* Your assignment: The response must be the exact lines from the one that contains "ПРАКТИКА Биты двусторонние" through the end of the material, with no pictures and no additional lines.

* Recorded data:
::::::::
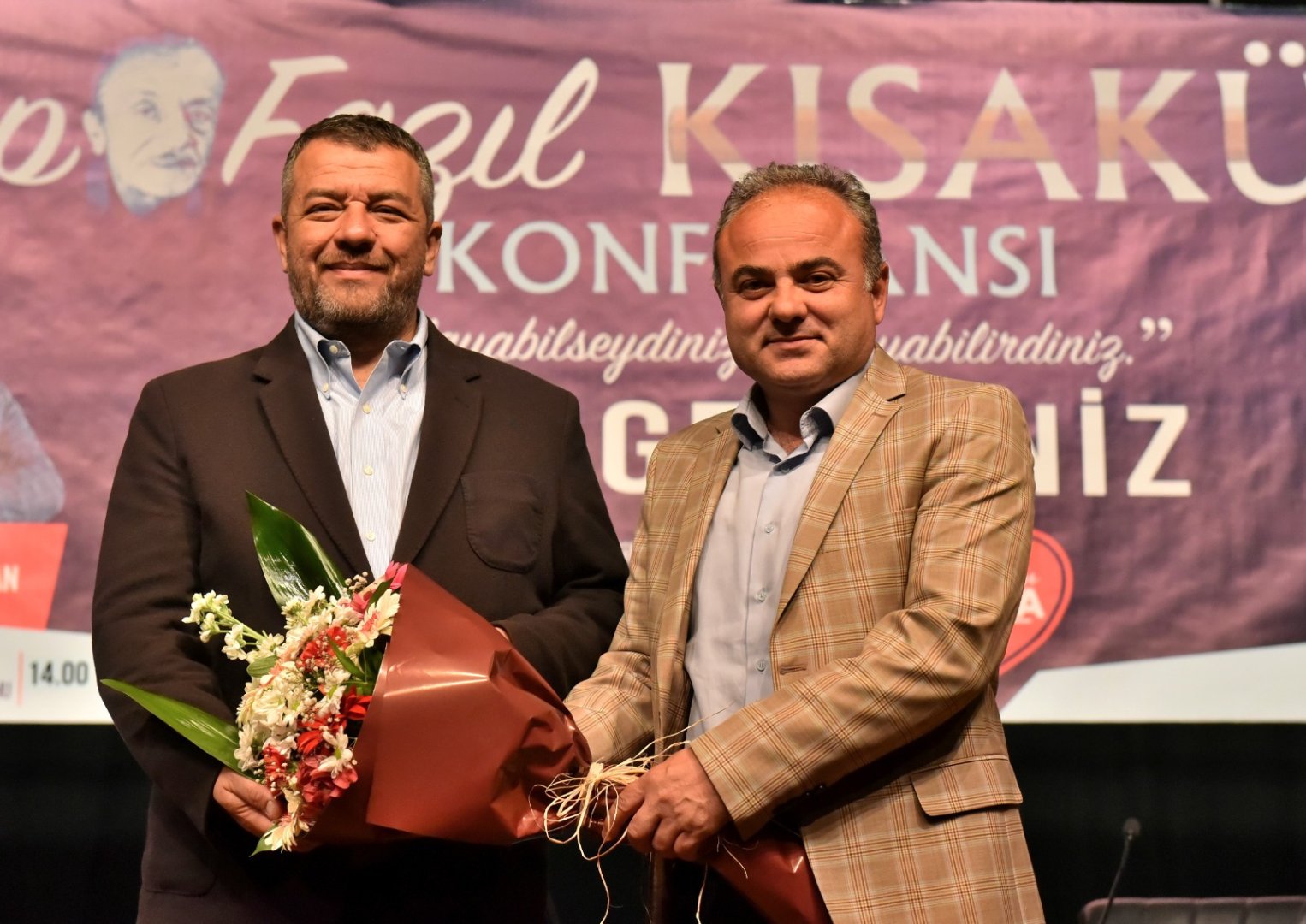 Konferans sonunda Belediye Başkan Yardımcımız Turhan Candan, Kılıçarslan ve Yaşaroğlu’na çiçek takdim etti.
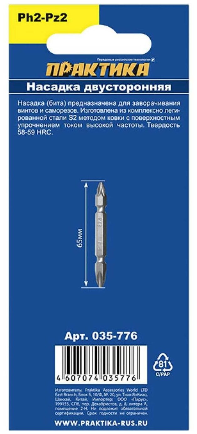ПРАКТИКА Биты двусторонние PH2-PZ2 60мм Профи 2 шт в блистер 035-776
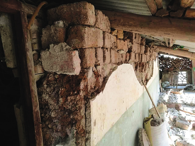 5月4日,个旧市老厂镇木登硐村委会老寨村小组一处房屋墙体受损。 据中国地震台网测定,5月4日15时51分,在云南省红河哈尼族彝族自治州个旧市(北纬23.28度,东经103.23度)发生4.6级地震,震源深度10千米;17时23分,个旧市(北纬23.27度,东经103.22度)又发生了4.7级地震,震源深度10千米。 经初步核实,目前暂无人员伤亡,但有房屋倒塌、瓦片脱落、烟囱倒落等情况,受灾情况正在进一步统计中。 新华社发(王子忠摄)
::::::::
* Solution to this exercise:
ПРАКТИКА Биты двусторонние PH2-PZ2 60мм Профи 2 шт в блистер 035-776
 5月4日,个旧市老厂镇木登硐村委会老寨村小组一处房屋墙体受损。 据中国地震台网测定,5月4日15时51分,在云南省红河哈尼族彝族自治州个旧市(北纬23.28度,东经103.23度)发生4.6级地震,震源深度10千米;17时23分,个旧市(北纬23.27度,东经103.22度)又发生了4.7级地震,震源深度10千米。 经初步核实,目前暂无人员伤亡,但有房屋倒塌、瓦片脱落、烟囱倒落等情况,受灾情况正在进一步统计中。 新华社发(王子忠摄)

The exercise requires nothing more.